Exercise instructions
Output every entry exactly as written, skipping any pictures.
*** Data for this task ***
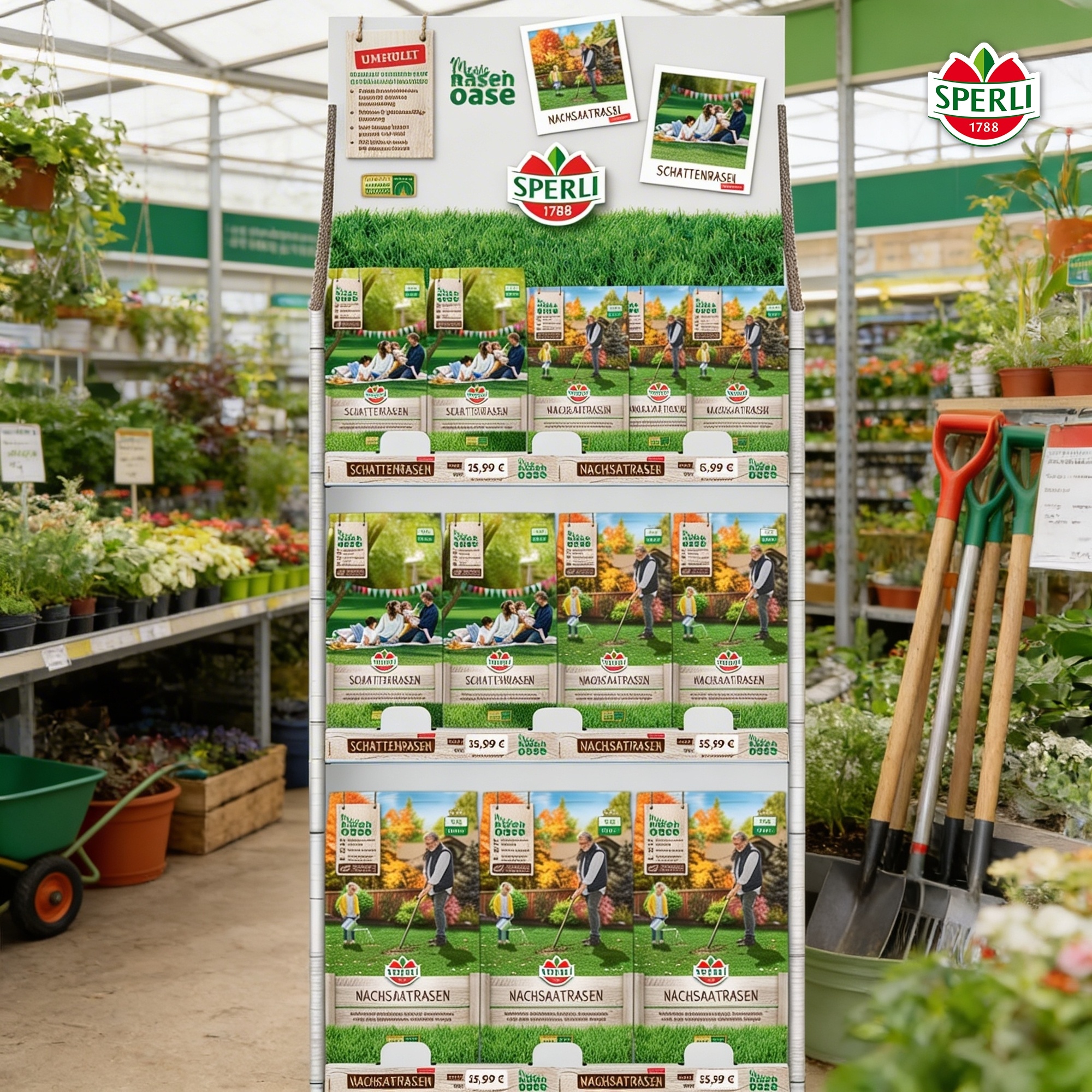 - Karton-Etagen-Display mit SPERLI Schattenrasen und SPERLI Nachsaatrasen in einer kompakten, aufmerksamkeitsstarken Präsentation
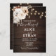 Voici notre Faire-part de mariage rustique enchanteur, le choix idéal pour votre célébration mariage de automne. Le design est agrémenté d'un décor de bois rustique magnifiquement illustré, évoquant le charme et la chaleur d'un cadre automnal. En haut de la carte, une étonnante aquarelle boho arrangement de fleurs aux couleurs neutres apaisantes est gracieusement présentée, illuminée par la douce lueur des lampes à cordes, ajoutant une touche de magie et de romance. L'invitation combine élégamment du texte dans une police serif classique avec un script moderne, en surlignant le titre "Le Mariage de" dans une police de script captivante. Cette invitation est une sélection idéale pour les couples qui cherchent à capturer l'essence d'un mariage de automne, mêlant charme rustique et sophistication moderne. Préparez-vous à votre journée spéciale avec une invitation qui non seulement annonce votre événement, mais reflète aussi la beauté et l'esprit unique de votre histoire d'amour.
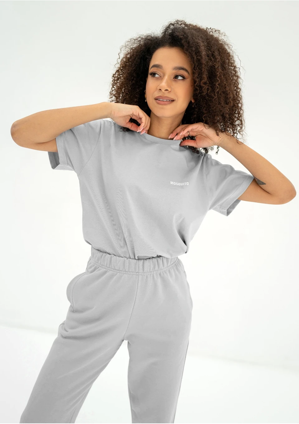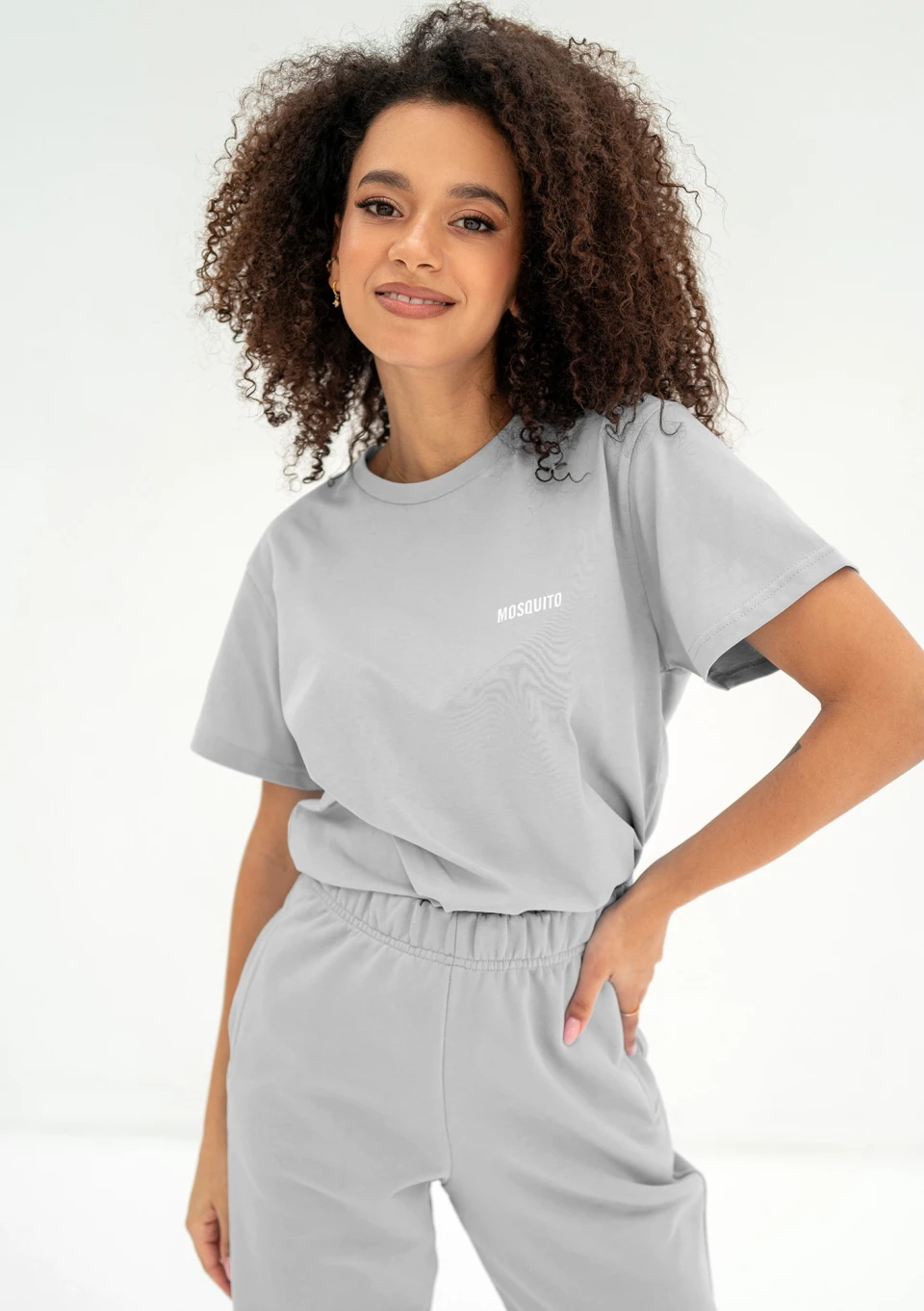 Naturalna koszulka damska z czystym, bawełnianym składem. Model w unwiersalnym, szarym kolorze, podkreślony białym logiem.
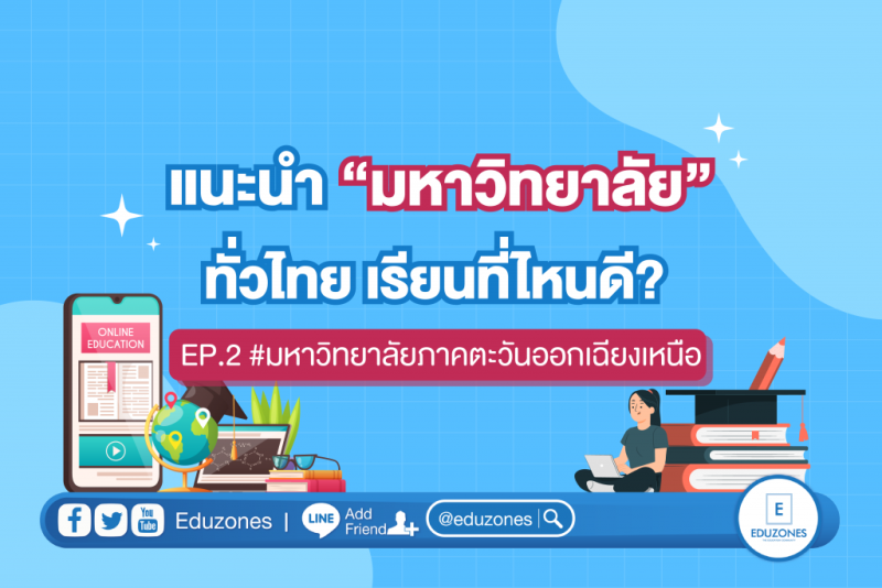 EZ Webmaster December 10, 2021 EZ Webmaster December 10, 2021 แนะนำ “มหาวิทยาลัย” ทั่วไทย เรียนที่ไหนดี EP.2 #มหาวิทยาลัยภาคตะวันออกเฉียงเหนือ ภาคตะวันออกเฉียงเหนือ “ภาคอีสาน” อยู่บนแอ่งโคราชและแอ่งสกลนคร มีแม่น้ำโขงกั้นเขตทางตอนเหนือและตะวันออกของภาค ทางด้านใต้จรดชายแดนกัมพูชา ทางตะวันตกมีเทือกเขาเพชรบูรณ์และเทือกเขาดงพญาเย็นเป็นแนวกั้นแยกจากภาคเหนือและภาคกลาง ภาษาหลักของภาคนี้ คือ ภาษาอีสานซึ่งเป็นภาษาลาวสำเนียงหนึ่ง ส่วนภาษาไทยกลางนิยมใช้กันแพร่หลายโดยเฉพาะในเมืองใหญ่ นอกจากนี้ภาคอีสานยังมีเอกลักษณ์ทางวัฒนธรรมที่โดดเด่น เช่น อาหาร ภาษา ดนตรี และยังมีมหาวิทยาลัยดี ๆ ที่เราอยากแนะนำ 1 มหาวิทยาลัยขอนแก่น มหาวิทยาลัยขอนแก่น สถาบันอุดมศึกษาแห่งแรกของภาคตะวันออกเฉียงเหนือ ก่อตั้งขึ้นตามนโยบายการขยายการศึกษาระดับอุดมศึกษาสู่ส่วนภูมิภาคตามแผนพัฒนาเศรษฐกิจฉบับที่ ๑ ของประเทศ โดยมีจุดมุ่งหมายเพื่อพัฒนากำลังคนและองค์ความรู้เพื่อการแก้ปัญหาให้กับภาคตะวันออกเฉียงเหนือซึ่งเป็นภูมิภาคที่มีพื้นที่ขนาดใหญ่ และมีประชากรเป็น ๑ ใน ๓ ของประเทศ ในแต่ละปีต้องเผชิญกับปัญหาภัยแห้งแล้งและผลผลิตทางภาคการเกษตรไม่ดีอย่างต่อเนื่อง อีกทั้งยังมีประชากรที่ยากจนอาศัยอยู่เป็นจำนวนมาก พระบาทสมเด็จพระมหาภูมิพลอดุลยเดชมหาราช บรมนาถบพิตร และสมเด็จพระนางเจ้าฯ พระบรมราชินีนาถ ได้เสด็จพระราชดำเนินมาทรงเปิดมหาวิทยาลัยขอนแก่นอย่างเป็นทางการเมื่อวันที่ ๒๐ ธันวาคม พุทธศักราช ๒๕๑๐ และได้พระราชทานพระราชดำรัสความตอนหนึ่งว่า “การตั้งมหาวิทยาลัยขอนแก่นเพิ่มขึ้นอีกแห่งหนึ่งนั้นเป็นคุณอย่างยิ่ง เพราะทำให้การศึกษาชั้นสูงขยายออกไปถึงภูมิภาคที่สำคัญที่สุดส่วนหนึ่งของประเทศ ซึ่งต่อไปจะเป็นผลดีแก่การพัฒนา ยกฐานะความเป็นอยู่ของประชาชนในภูมิภาคนี้เป็นอย่างยิ่ง ความสำเร็จในการตั้งมหาวิทยาลัยขอนแก่นจึงเป็นความสำเร็จที่ทุกคนควรจะยินดี” มหาวิทยาลัยขอนแก่น เป็นมหาวิทยาลัยแห่งสุขภาวะ ด้วยภาพลักษณ์ที่โดดเด่นทางด้านการวิจัยเวชศาสตร์เขตร้อนจากผลงานของศูนย์วิจัยพยาธิใบไม้ตับและมะเร็งท่อน้ำดี ความโดดเด่นด้านการพัฒนาพันธุ์พืชและสัตว์เขตร้อนในระดับโลก จากผลงานของศูนย์วิจัยปรับปรุงพันธุ์พืชเพื่อการเกษตรที่ยั่งยืน ศูนย์วิจัยและพัฒนาผลิตภัณฑ์สุขภาพจากสมุนไพร และศูนย์เครือข่ายวิจัยและพัฒนาด้านการปรับปรุงพันธุ์สัตว์ และยังเป็นศูนย์รวมองค์ความรู้ด้านอารยธรรมลุ่มน้ำ มุ่งเน้นความสุขของผู้มีส่วนเกี่ยวข้อง เช่น ประชาคม นักศึกษา ชุม
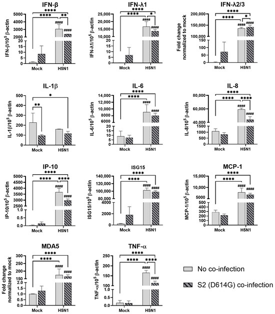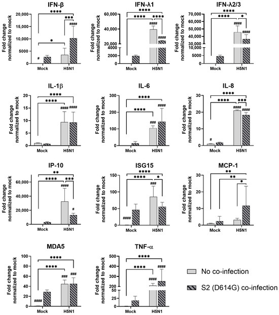 Innate immune responses in human airway epithelial cells co-infected with SARS-CoV-2 and H5N1 influenza A virus. The mRNA expressions of the cytokines and chemokines in Calu-3 cells infected with SCoV2/D614G and/or influenza A viruses (H5N1), measured with quantitative PCR at 72 h post-infection. Data are presented as the mean values ± SD (N ≥ 3), analyzed with two-way ANOVA followed by Tukey’s test. Hashtag # denotes the statistical significance in comparison to SCoV2/D614G single infection. # p < 0.05; ### p < 0.001; #### p < 0.0001. * p < 0.05; ** p < 0.01; *** p < 0.001; **** p < 0.0001.
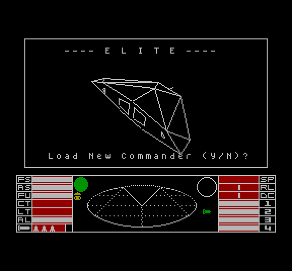 Shift opens the options page, Symbol (Left-Ctrl in SimCoupé) for the saving/loading menu (only when docked). Most of the remaining keys are the same as the original Elite, but some have extra pages (buying ships, contracts, etc.).
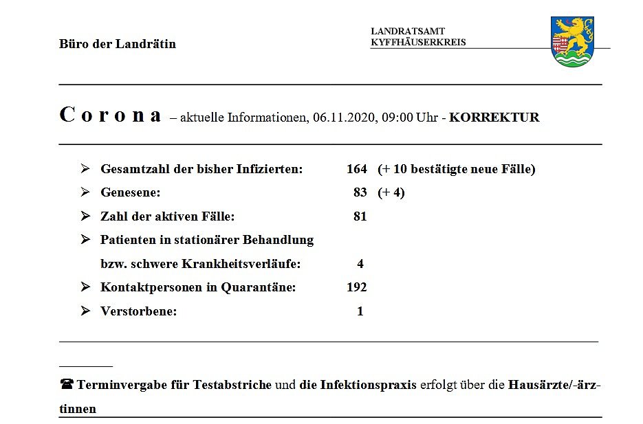 10 weitere Fälle / erneut 4 Personen genesen / der 1. Todesfall im Kyffhäuserkreis
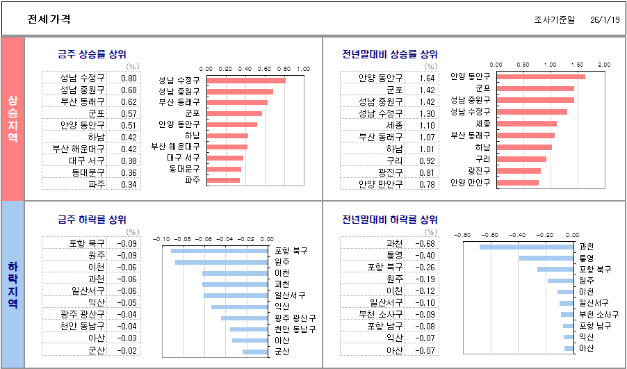 - 경기도 전세 상승 Top3 : 성남 수정구(0.80), 성남 중원구(0.68), 군포시(0.57)
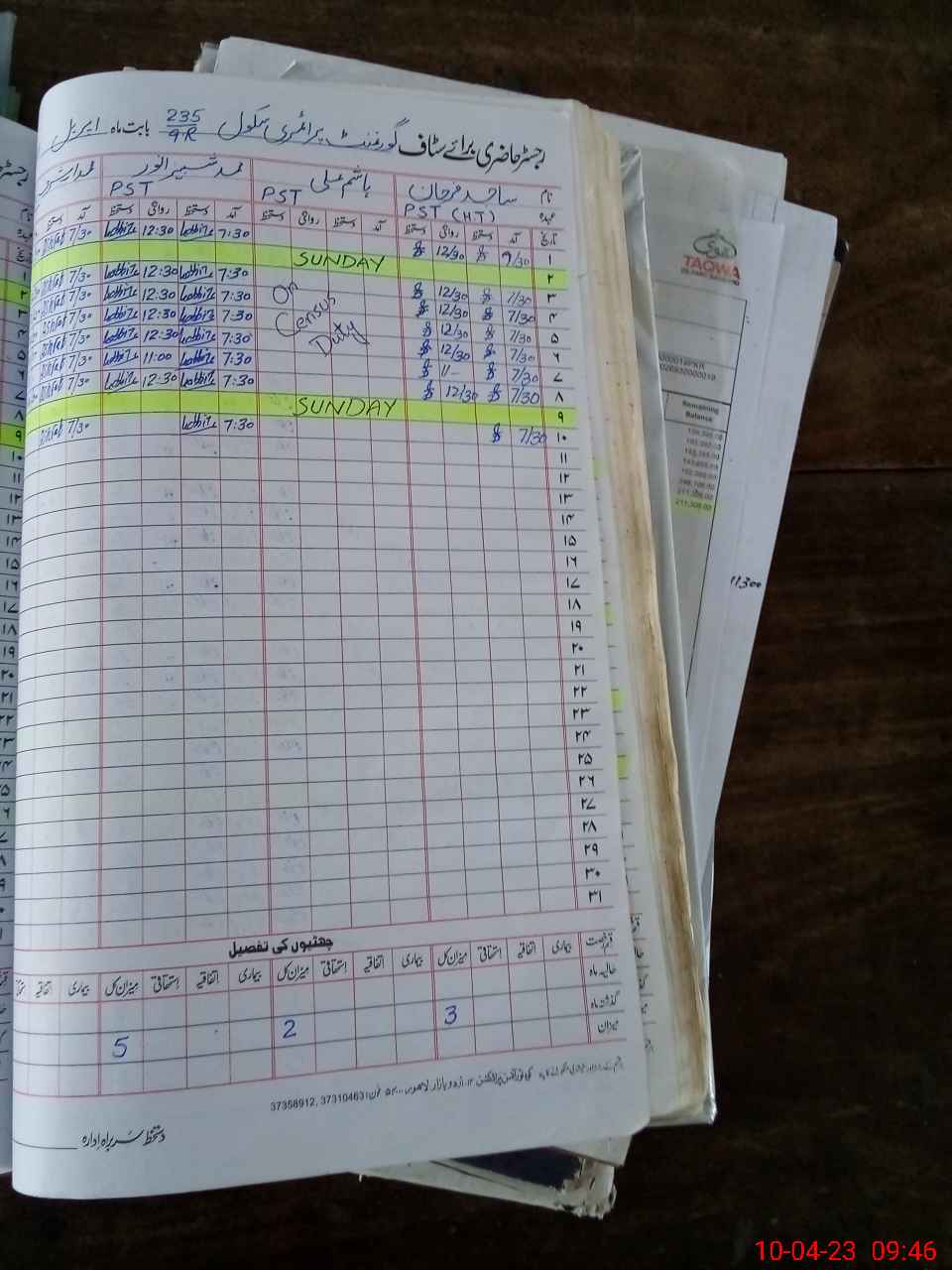 | Name: SA**** FA**** Designation: (School Headmaster's/Headmistress's) PST Phone/Cell Number: 03**** |
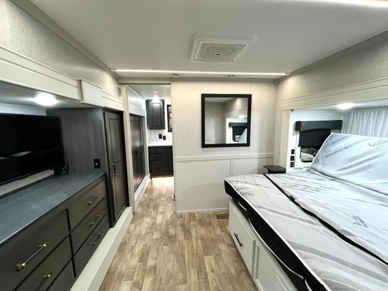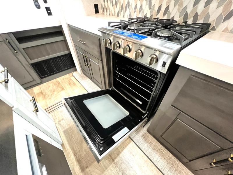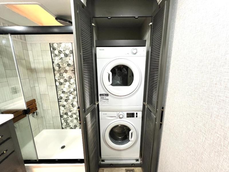If luxury and space is what you are after, this Redwood with a front living area and six slides is calling your name! The main entry leads into a large kitchen with all of the amenities to enjoy; a dinette with a buffet, a large island with a sink, a pantry for your dry and canned goods, plus a 22 cu. ft. refrigerator. You will also enjoy cooking on the provided 4-burner range with 3.7 cu. ft. oven and convection microwave overhead. There is ample counter space for food prep, plus a bar top counter just before you head up to the front living area as well. This living space features two of the six slides with each housing a sleeper sofa. There is also theater seating for two and an entertainment center with 65" TV for your viewing pleasure. Back through the kitchen, head up a step to the master suite with king bed slide, and large dresser/40" TV/wardrobe and linen slide opposite. The rear bath is not only spacious thanks to the help of the curbside slide, but you will find two medicine cabinets, a 48" shower, and a washer/dryer closet all ready if you choose that option!
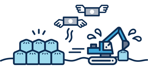 これまで施工不能・施工困難とされてきた再生土に適さない不良土質の現場でも容易に固化地盤にするだけでなく、水中でも容易に固化させます。このように不良地盤でも過剰なコストがかからず、利益を圧迫しません。
*** End of Data for this task ***
Solved exercise
 - Karton-Etagen-Display mit SPERLI Schattenrasen und SPERLI Nachsaatrasen in einer kompakten, aufmerksamkeitsstarken Präsentation
 Voici notre Faire-part de mariage rustique enchanteur, le choix idéal pour votre célébration mariage de automne. Le design est agrémenté d'un décor de bois rustique magnifiquement illustré, évoquant le charme et la chaleur d'un cadre automnal. En haut de la carte, une étonnante aquarelle boho arrangement de fleurs aux couleurs neutres apaisantes est gracieusement présentée, illuminée par la douce lueur des lampes à cordes, ajoutant une touche de magie et de romance. L'invitation combine élégamment du texte dans une police serif classique avec un script moderne, en surlignant le titre "Le Mariage de" dans une police de script captivante. Cette invitation est une sélection idéale pour les couples qui cherchent à capturer l'essence d'un mariage de automne, mêlant charme rustique et sophistication moderne. Préparez-vous à votre journée spéciale avec une invitation qui non seulement annonce votre événement, mais reflète aussi la beauté et l'esprit unique de votre histoire d'amour.
 Naturalna koszulka damska z czystym, bawełnianym składem. Model w unwiersalnym, szarym kolorze, podkreślony białym logiem.
 EZ Webmaster December 10, 2021 EZ Webmaster December 10, 2021 แนะนำ “มหาวิทยาลัย” ทั่วไทย เรียนที่ไหนดี EP.2 #มหาวิทยาลัยภาคตะวันออกเฉียงเหนือ ภาคตะวันออกเฉียงเหนือ “ภาคอีสาน” อยู่บนแอ่งโคราชและแอ่งสกลนคร มีแม่น้ำโขงกั้นเขตทางตอนเหนือและตะวันออกของภาค ทางด้านใต้จรดชายแดนกัมพูชา ทางตะวันตกมีเทือกเขาเพชรบูรณ์และเทือกเขาดงพญาเย็นเป็นแนวกั้นแยกจากภาคเหนือและภาคกลาง ภาษาหลักของภาคนี้ คือ ภาษาอีสานซึ่งเป็นภาษาลาวสำเนียงหนึ่ง ส่วนภาษาไทยกลางนิยมใช้กันแพร่หลายโดยเฉพาะในเมืองใหญ่ นอกจากนี้ภาคอีสานยังมีเอกลักษณ์ทางวัฒนธรรมที่โดดเด่น เช่น อาหาร ภาษา ดนตรี และยังมีมหาวิทยาลัยดี ๆ ที่เราอยากแนะนำ 1 มหาวิทยาลัยขอนแก่น มหาวิทยาลัยขอนแก่น สถาบันอุดมศึกษาแห่งแรกของภาคตะวันออกเฉียงเหนือ ก่อตั้งขึ้นตามนโยบายการขยายการศึกษาระดับอุดมศึกษาสู่ส่วนภูมิภาคตามแผนพัฒนาเศรษฐกิจฉบับที่ ๑ ของประเทศ โดยมีจุดมุ่งหมายเพื่อพัฒนากำลังคนและองค์ความรู้เพื่อการแก้ปัญหาให้กับภาคตะวันออกเฉียงเหนือซึ่งเป็นภูมิภาคที่มีพื้นที่ขนาดใหญ่ และมีประชากรเป็น ๑ ใน ๓ ของประเทศ ในแต่ละปีต้องเผชิญกับปัญหาภัยแห้งแล้งและผลผลิตทางภาคการเกษตรไม่ดีอย่างต่อเนื่อง อีกทั้งยังมีประชากรที่ยากจนอาศัยอยู่เป็นจำนวนมาก พระบาทสมเด็จพระมหาภูมิพลอดุลยเดชมหาราช บรมนาถบพิตร และสมเด็จพระนางเจ้าฯ พระบรมราชินีนาถ ได้เสด็จพระราชดำเนินมาทรงเปิดมหาวิทยาลัยขอนแก่นอย่างเป็นทางการเมื่อวันที่ ๒๐ ธันวาคม พุทธศักราช ๒๕๑๐ และได้พระราชทานพระราชดำรัสความตอนหนึ่งว่า “การตั้งมหาวิทยาลัยขอนแก่นเพิ่มขึ้นอีกแห่งหนึ่งนั้นเป็นคุณอย่างยิ่ง เพราะทำให้การศึกษาชั้นสูงขยายออกไปถึงภูมิภาคที่สำคัญที่สุดส่วนหนึ่งของประเทศ ซึ่งต่อไปจะเป็นผลดีแก่การพัฒนา ยกฐานะความเป็นอยู่ของประชาชนในภูมิภาคนี้เป็นอย่างยิ่ง ความสำเร็จในการตั้งมหาวิทยาลัยขอนแก่นจึงเป็นความสำเร็จที่ทุกคนควรจะยินดี” มหาวิทยาลัยขอนแก่น เป็นมหาวิทยาลัยแห่งสุขภาวะ ด้วยภาพลักษณ์ที่โดดเด่นทางด้านการวิจัยเวชศาสตร์เขตร้อนจากผลงานของศูนย์วิจัยพยาธิใบไม้ตับและมะเร็งท่อน้ำดี ความโดดเด่นด้านการพัฒนาพันธุ์พืชและสัตว์เขตร้อนในระดับโลก จากผลงานของศูนย์วิจัยปรับปรุงพันธุ์พืชเพื่อการเกษตรที่ยั่งยืน ศูนย์วิจัยและพัฒนาผลิตภัณฑ์สุขภาพจากสมุนไพร และศูนย์เครือข่ายวิจัยและพัฒนาด้านการปรับปรุงพันธุ์สัตว์ และยังเป็นศูนย์รวมองค์ความรู้ด้านอารยธรรมลุ่มน้ำ มุ่งเน้นความสุขของผู้มีส่วนเกี่ยวข้อง เช่น ประชาคม นักศึกษา ชุม
 Innate immune responses in human airway epithelial cells co-infected with SARS-CoV-2 and H5N1 influenza A virus. The mRNA expressions of the cytokines and chemokines in Calu-3 cells infected with SCoV2/D614G and/or influenza A viruses (H5N1), measured with quantitative PCR at 72 h post-infection. Data are presented as the mean values ± SD (N ≥ 3), analyzed with two-way ANOVA followed by Tukey’s test. Hashtag # denotes the statistical significance in comparison to SCoV2/D614G single infection. # p < 0.05; ### p < 0.001; #### p < 0.0001. * p < 0.05; ** p < 0.01; *** p < 0.001; **** p < 0.0001.
 Shift opens the options page, Symbol (Left-Ctrl in SimCoupé) for the saving/loading menu (only when docked). Most of the remaining keys are the same as the original Elite, but some have extra pages (buying ships, contracts, etc.).
 10 weitere Fälle / erneut 4 Personen genesen / der 1. Todesfall im Kyffhäuserkreis
 - 경기도 전세 상승 Top3 : 성남 수정구(0.80), 성남 중원구(0.68), 군포시(0.57)
 | Name: SA**** FA**** Designation: (School Headmaster's/Headmistress's) PST Phone/Cell Number: 03**** |
If luxury and space is what you are after, this Redwood with a front living area and six slides is calling your name! The main entry leads into a large kitchen with all of the amenities to enjoy; a dinette with a buffet, a large island with a sink, a pantry for your dry and canned goods, plus a 22 cu. ft. refrigerator. You will also enjoy cooking on the provided 4-burner range with 3.7 cu. ft. oven and convection microwave overhead. There is ample counter space for food prep, plus a bar top counter just before you head up to the front living area as well. This living space features two of the six slides with each housing a sleeper sofa. There is also theater seating for two and an entertainment center with 65" TV for your viewing pleasure. Back through the kitchen, head up a step to the master suite with king bed slide, and large dresser/40" TV/wardrobe and linen slide opposite. The rear bath is not only spacious thanks to the help of the curbside slide, but you will find two medicine cabinets, a 48" shower, and a washer/dryer closet all ready if you choose that option!
 これまで施工不能・施工困難とされてきた再生土に適さない不良土質の現場でも容易に固化地盤にするだけでなく、水中でも容易に固化させます。このように不良地盤でも過剰なコストがかからず、利益を圧迫しません。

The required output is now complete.